▶ ABOUT THIS EXERCISE: Omit all images, then repeat exactly the lines below from the one containing "Seither hat sich" through the one containing "Wie hübsch, liebe", both ends included.

▶ EXERCISE MATERIALS:
● ● ● ●

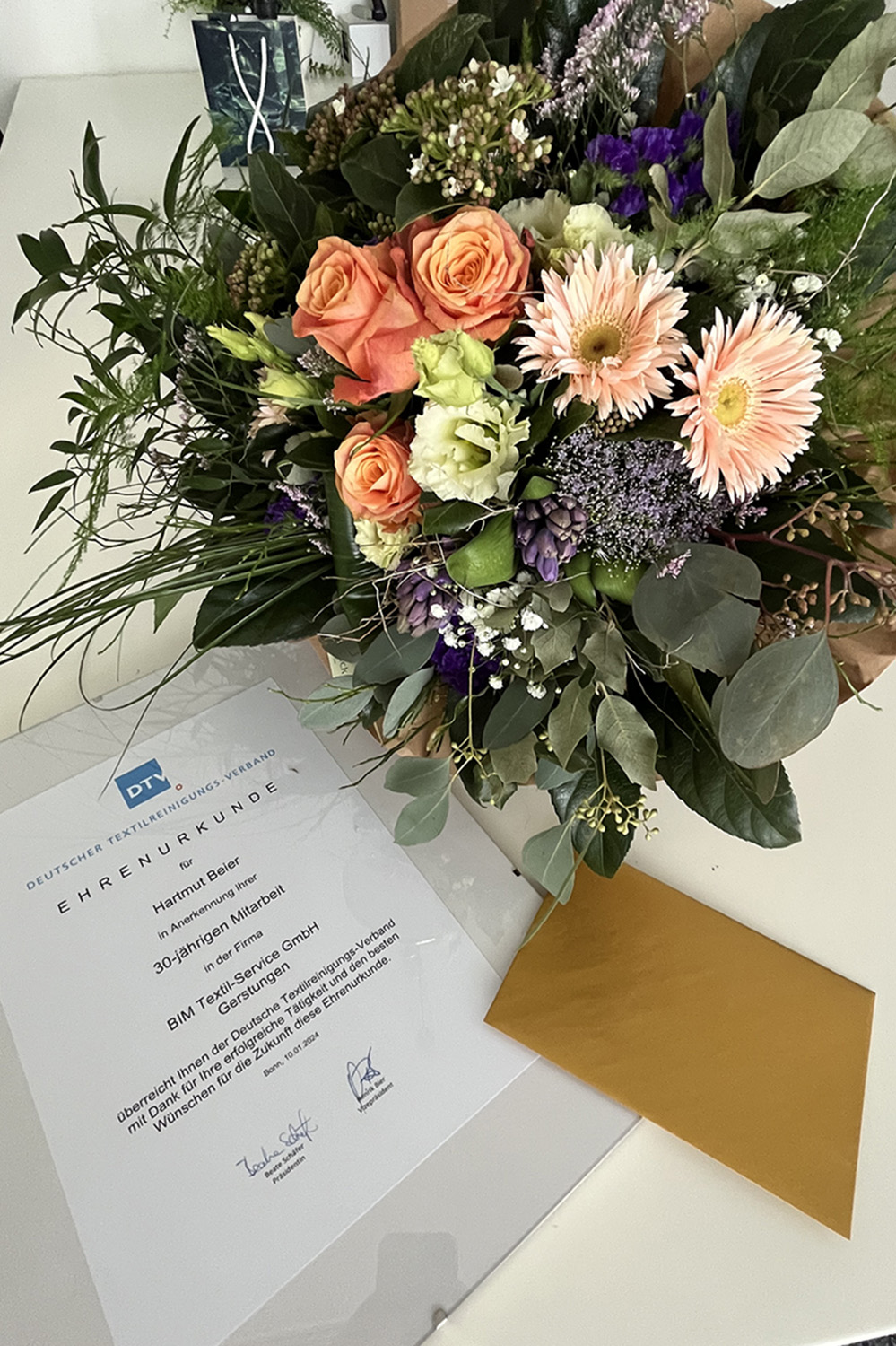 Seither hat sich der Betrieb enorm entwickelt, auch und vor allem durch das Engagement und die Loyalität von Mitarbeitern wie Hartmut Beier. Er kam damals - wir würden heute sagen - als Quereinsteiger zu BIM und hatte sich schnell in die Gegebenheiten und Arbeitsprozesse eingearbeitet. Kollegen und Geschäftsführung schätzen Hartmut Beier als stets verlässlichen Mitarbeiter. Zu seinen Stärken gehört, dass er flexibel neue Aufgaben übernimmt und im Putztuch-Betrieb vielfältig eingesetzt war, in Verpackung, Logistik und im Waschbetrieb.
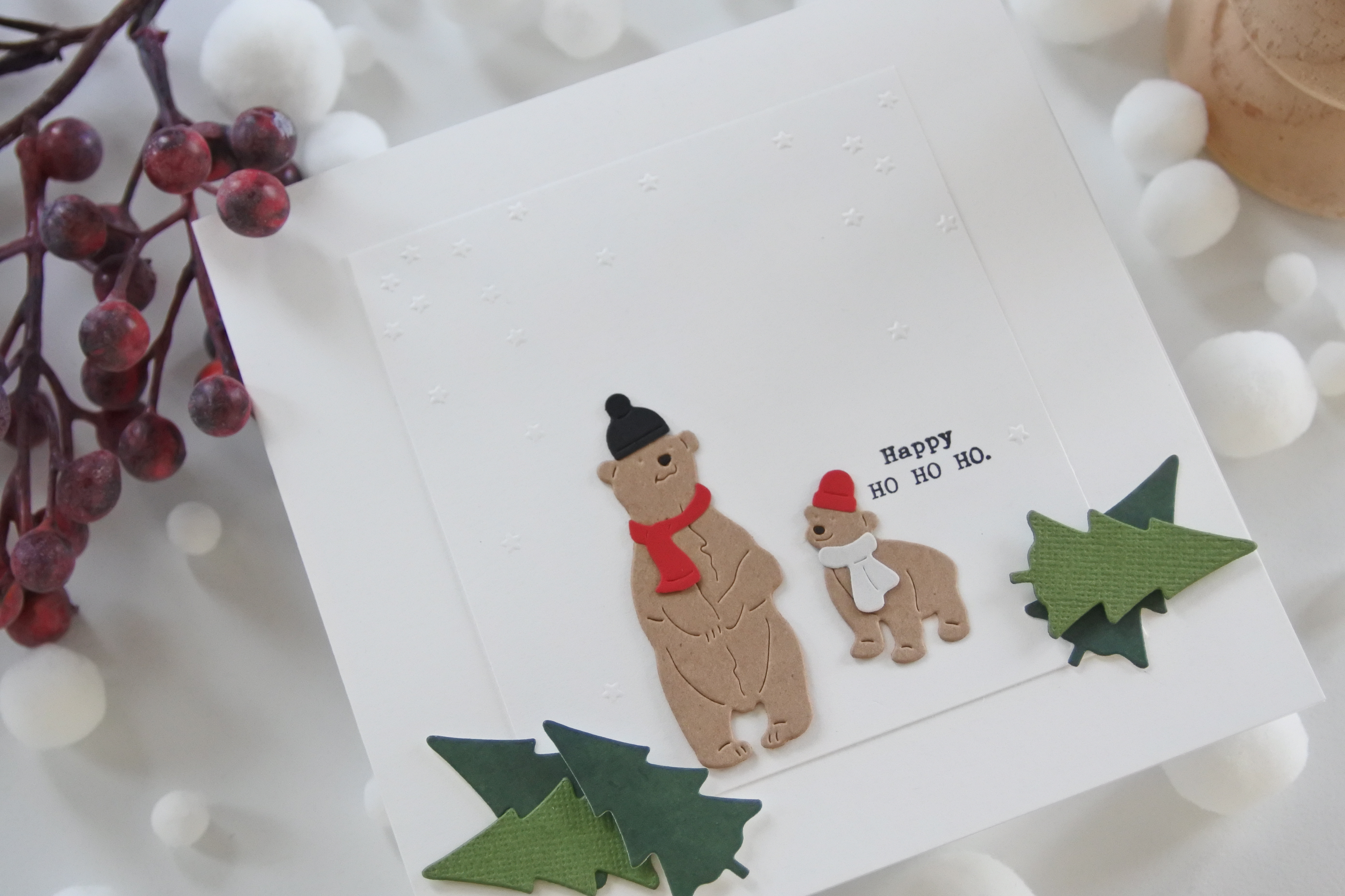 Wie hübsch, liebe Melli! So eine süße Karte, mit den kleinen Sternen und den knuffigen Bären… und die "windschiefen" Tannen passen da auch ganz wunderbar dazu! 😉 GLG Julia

● ● ● ●

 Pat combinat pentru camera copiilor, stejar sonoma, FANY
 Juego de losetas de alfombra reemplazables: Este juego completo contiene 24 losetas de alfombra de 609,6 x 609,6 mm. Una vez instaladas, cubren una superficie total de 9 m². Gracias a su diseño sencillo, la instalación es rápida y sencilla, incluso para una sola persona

● ● ● ●

▶ RESPONSE AREA:
 Seither hat sich der Betrieb enorm entwickelt, auch und vor allem durch das Engagement und die Loyalität von Mitarbeitern wie Hartmut Beier. Er kam damals - wir würden heute sagen - als Quereinsteiger zu BIM und hatte sich schnell in die Gegebenheiten und Arbeitsprozesse eingearbeitet. Kollegen und Geschäftsführung schätzen Hartmut Beier als stets verlässlichen Mitarbeiter. Zu seinen Stärken gehört, dass er flexibel neue Aufgaben übernimmt und im Putztuch-Betrieb vielfältig eingesetzt war, in Verpackung, Logistik und im Waschbetrieb.
 Wie hübsch, liebe Melli! So eine süße Karte, mit den kleinen Sternen und den knuffigen Bären… und die "windschiefen" Tannen passen da auch ganz wunderbar dazu! 😉 GLG Julia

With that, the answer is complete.